Just after my mother died in May, I searched her dresser for a piece of clothing that retained her smell. I didn't find any.
Then I went to her closets. T-shirt by t-shirt I took them out and sniffed them like I was some lost puppy who wanted to desperately find home. As my children lie in bed watching their frantic mother (I didn't care that it was way past their bedtime), photographs flashed in and out of my mind with each t-shirt. That was the one she wore when we ate ice cream cones in Connecticut. She wore that one the night my son was born. She wore that one when we carved pumpkins with the kids that Halloween. I only remember these pieces of clothing because I have photographs of them. What I really wanted more than the shirt or the memory was one that still held her smell. The one that I could seal in an airtight bag and bring out to sniff on days when I most need to remember her and on days when I most needed to return home.
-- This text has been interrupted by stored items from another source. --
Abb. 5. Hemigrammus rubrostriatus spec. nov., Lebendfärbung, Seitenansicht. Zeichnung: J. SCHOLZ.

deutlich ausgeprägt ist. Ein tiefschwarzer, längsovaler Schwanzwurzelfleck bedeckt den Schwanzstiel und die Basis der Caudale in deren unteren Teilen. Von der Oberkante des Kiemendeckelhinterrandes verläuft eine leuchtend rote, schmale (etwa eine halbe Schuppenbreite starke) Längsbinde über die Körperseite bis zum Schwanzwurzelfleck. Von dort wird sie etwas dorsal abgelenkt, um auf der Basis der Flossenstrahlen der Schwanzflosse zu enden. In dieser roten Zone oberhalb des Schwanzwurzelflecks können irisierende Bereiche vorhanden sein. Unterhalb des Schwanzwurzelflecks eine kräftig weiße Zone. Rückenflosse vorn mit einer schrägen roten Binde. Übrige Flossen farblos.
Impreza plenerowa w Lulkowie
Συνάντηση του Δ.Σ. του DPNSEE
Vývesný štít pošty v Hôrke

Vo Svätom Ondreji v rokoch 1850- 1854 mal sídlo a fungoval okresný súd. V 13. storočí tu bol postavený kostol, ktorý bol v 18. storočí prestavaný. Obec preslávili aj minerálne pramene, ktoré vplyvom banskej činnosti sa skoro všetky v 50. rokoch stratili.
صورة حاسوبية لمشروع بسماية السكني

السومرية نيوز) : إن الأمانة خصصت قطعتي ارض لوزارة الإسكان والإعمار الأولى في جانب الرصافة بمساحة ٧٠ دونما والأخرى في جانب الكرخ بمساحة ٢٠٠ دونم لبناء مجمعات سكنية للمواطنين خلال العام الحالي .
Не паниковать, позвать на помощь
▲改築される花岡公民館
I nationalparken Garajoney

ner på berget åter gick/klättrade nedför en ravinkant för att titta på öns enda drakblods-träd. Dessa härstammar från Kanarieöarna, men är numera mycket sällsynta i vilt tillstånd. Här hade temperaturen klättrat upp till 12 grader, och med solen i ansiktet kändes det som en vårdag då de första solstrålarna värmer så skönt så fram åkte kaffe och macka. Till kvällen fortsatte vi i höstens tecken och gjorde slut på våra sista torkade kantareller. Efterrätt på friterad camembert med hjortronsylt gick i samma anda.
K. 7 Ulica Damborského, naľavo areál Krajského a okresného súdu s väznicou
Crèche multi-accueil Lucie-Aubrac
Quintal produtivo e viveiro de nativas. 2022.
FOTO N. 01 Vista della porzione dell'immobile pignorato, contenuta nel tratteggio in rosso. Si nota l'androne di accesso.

When it was becoming clear to me that I was not going to find one piece that smelled like my mom, I turned to my children and asked for help. Maybe my nose was tired. I needed them to smell for me.
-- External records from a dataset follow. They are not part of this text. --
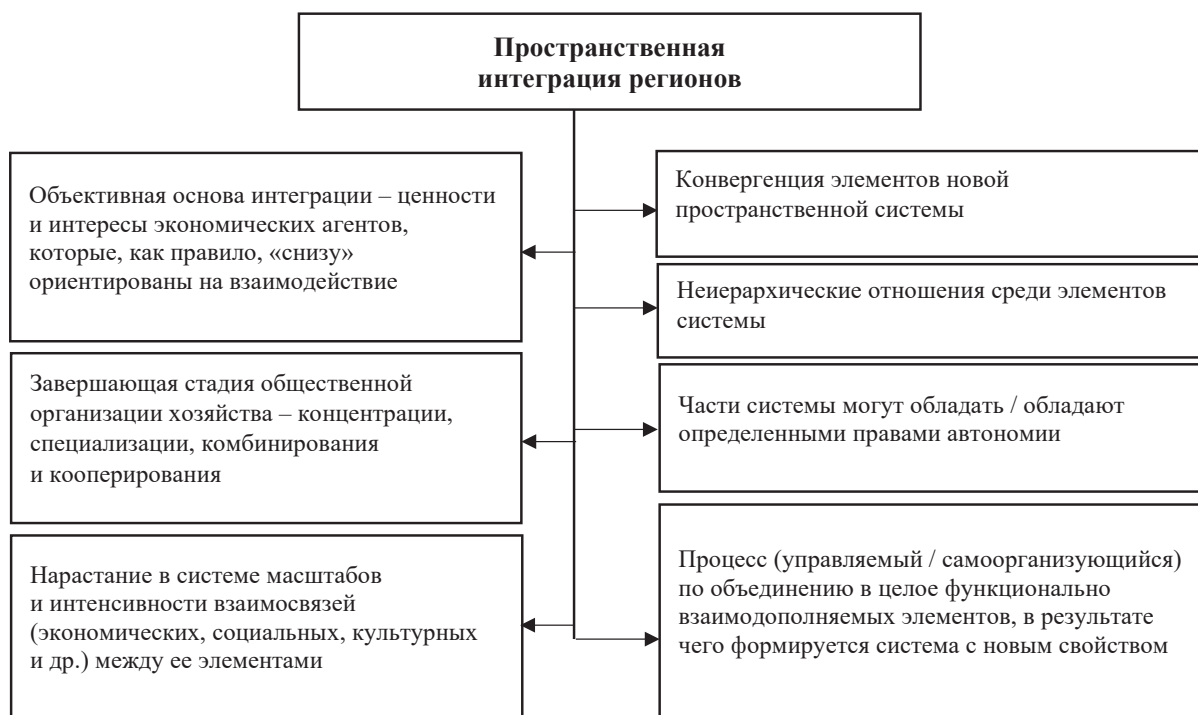
Рис. 1. «Родовые» признаки пространственной интеграции регионов

Неслучайно в рамках политики ЕС и других европейских стран по обеспечению территориального сплочения и интеграции стали широко распространяться различные формы «мягкого» территориального сотрудничества. Основой такого сотрудничества может быть решение общих для них задач в части развития географических и иных объектов («структурирующие» объекты
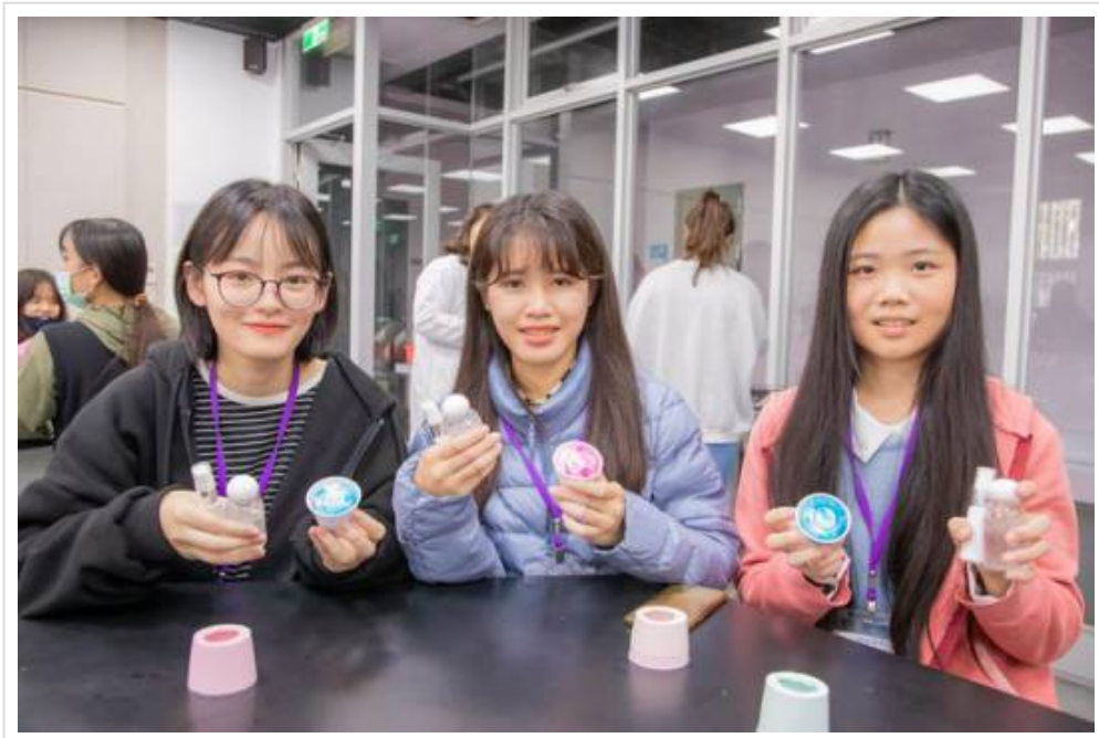
圖3：嘉藥粧品系汪老師帶領學員們完成手工皂及乾洗手製作。
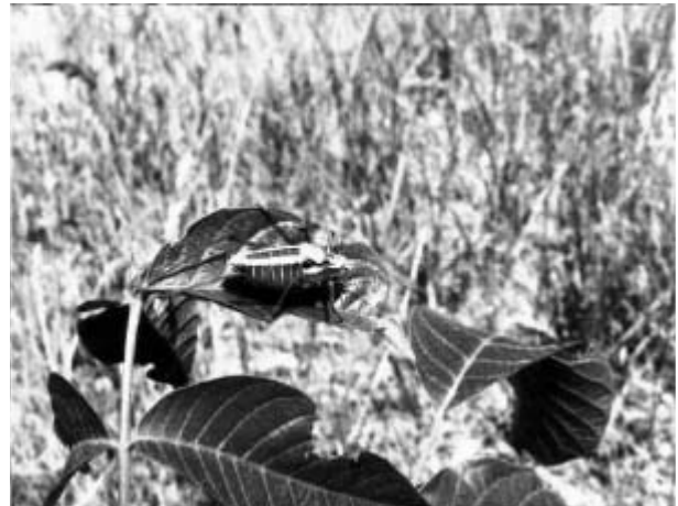
شکل ۳- حمله و صدمه نوعی ملخ شاخک بلند از خانواده Tetrigonidae به جوانه‌های تازه نهالهای گردو
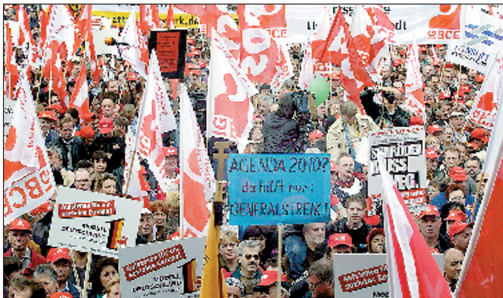
Die Gewerkschaften machen mobil gegen den Sozialabbau durch die Bundesregierung. Hunderttausende nahmen am 3. April an den Demonstrationen des DGB in Berlin, Köln und Stuttgart teil.

Terminologische Änderungen gibt es ferner im Zusammenhang mit der bisherigen Bezeichnung einzelner Förderschulformen (z.B. Schule für geistig Behinderte, Schule für Körperbehinderte). Die Verabsolutierung des Menschen durch das Adjektiv „behindert“ werde, so die Gesetzesbegründung, als diskriminierend empfunden. Im Sprachgebrauch setze sich gegenwärtig die Bezeichnung „Mensch mit Behinderungen“ (statt: „behinderter Mensch“) durch. Dementsprechend
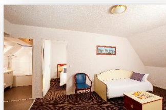
Appartement duplex 6 personnes
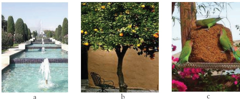
Gambar 2. Air (a), tumbuhan (b), dan hewan (c) sebagai elemen lunak pada taman

Elemen keras ( hardscape ) yang disebutkan dalam al Quran dan hadits meliputi bangunan-bangunan taman, pintu, dan elemen-elemen lainnya. Hal ini menunjukkan bahwa pada taman surga terdapat keseimbangan antara elemen yang bersifat alami dan buatan. Bangunan-bangunan taman dideskripsikan sebagai tempat tinggal yang paling baik dan indah, disebutkan pula bahwa bangunan-bangunan tersebut terbuat dari mutiara (HR. Muslim No. 5070). Sementara itu, surga digambarkan memiliki lebih dari satu pintu, masing-masing pintunya menerima kedatangan pengguna dengan kriteria yang spesifik (HR. Bukhari No. 3017). Mengenai hardscape lain, tercatat beberapa hal, yaitu bantal (QS 88: 15), permadani (QS 55: 54), dipan (QS 52: 20), gelas (QS 43: 71), piala (QS 76: 15), piring (QS 43: 71), dan bejana (QS 76: 15) (Depag, 2002: 803, 866, 888, 1004, 1054). Keseluruhan elemen keras ini didesain untuk dapat dioptimalkan oleh penghuninya. Maka, dalam perancangan dan desain sebuah taman, sebaiknya diperhatikan hingga detail elemen-elemen keras yang digunakan, kemudian harus dipastikan bahwa elemen-elemen tersebut sesuai dengan kebutuhan penggunanya agar dapat berfungsi optimal.
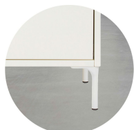
Ben Gracil Välj till M1 & M2
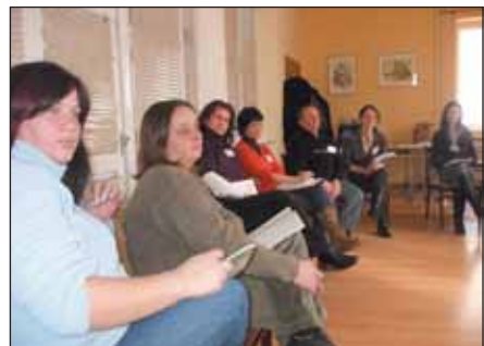
A szülők is szeretnék elsajátítani a konfliktuskezelést

foglalkozásokon olyan technikákat sajátítanak el a gyermekek, melyek segítségével konfliktusaikat agressziómentesen tudják megoldani. Játékos formában fejlesztik a gyermekek önismeretét és önbecsülését. Az egymásra fordított figyelem fejlesztése fontos része a tréningnek.
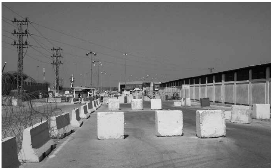
Eretz, porta de acceso a Gaza: un territorio illado

indignación tremenda, unha tristura fonda, e unha dor infinita; mais tamén coa admiración eterna por unha poboación que non perde a afabilidade nin o sorriso, e pola súa capacidade de resistencia. E coa determinación de non esquecer, e de contar. E de traballar no que poidamos para que o pobo palestino poida vivir na súa terra decidindo o seu presente e mais o seu futuro en liberdade.
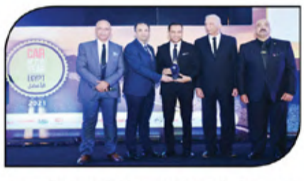
المصرية للسيارات توصل تصورها لأفضل موزع في مصر

"Does this smell like her? Does this smell like Nanny?" I asked as I threw shirts their way.
"No. No. No, Mom. Sorry, Mom, it really doesn't smell like her," they repeated over and over again.
Nothing. We didn't find one piece of clothing that retained her smell.
But I did find this. Tucked deep into the corner of a shelf I could barely reach, I touched a sealed plastic bag. Inside was a neatly folded woolen blanket and a carefully handwritten note my mother had written nearly 28 years ago: My Mom's woolen blanket. One of the last things to retain her smell. For a moment, I smiled and knew that she was like me and I am like her.
I didn't find her smell that night, but in her handwriting I found the shape of her thoughts and it was enough.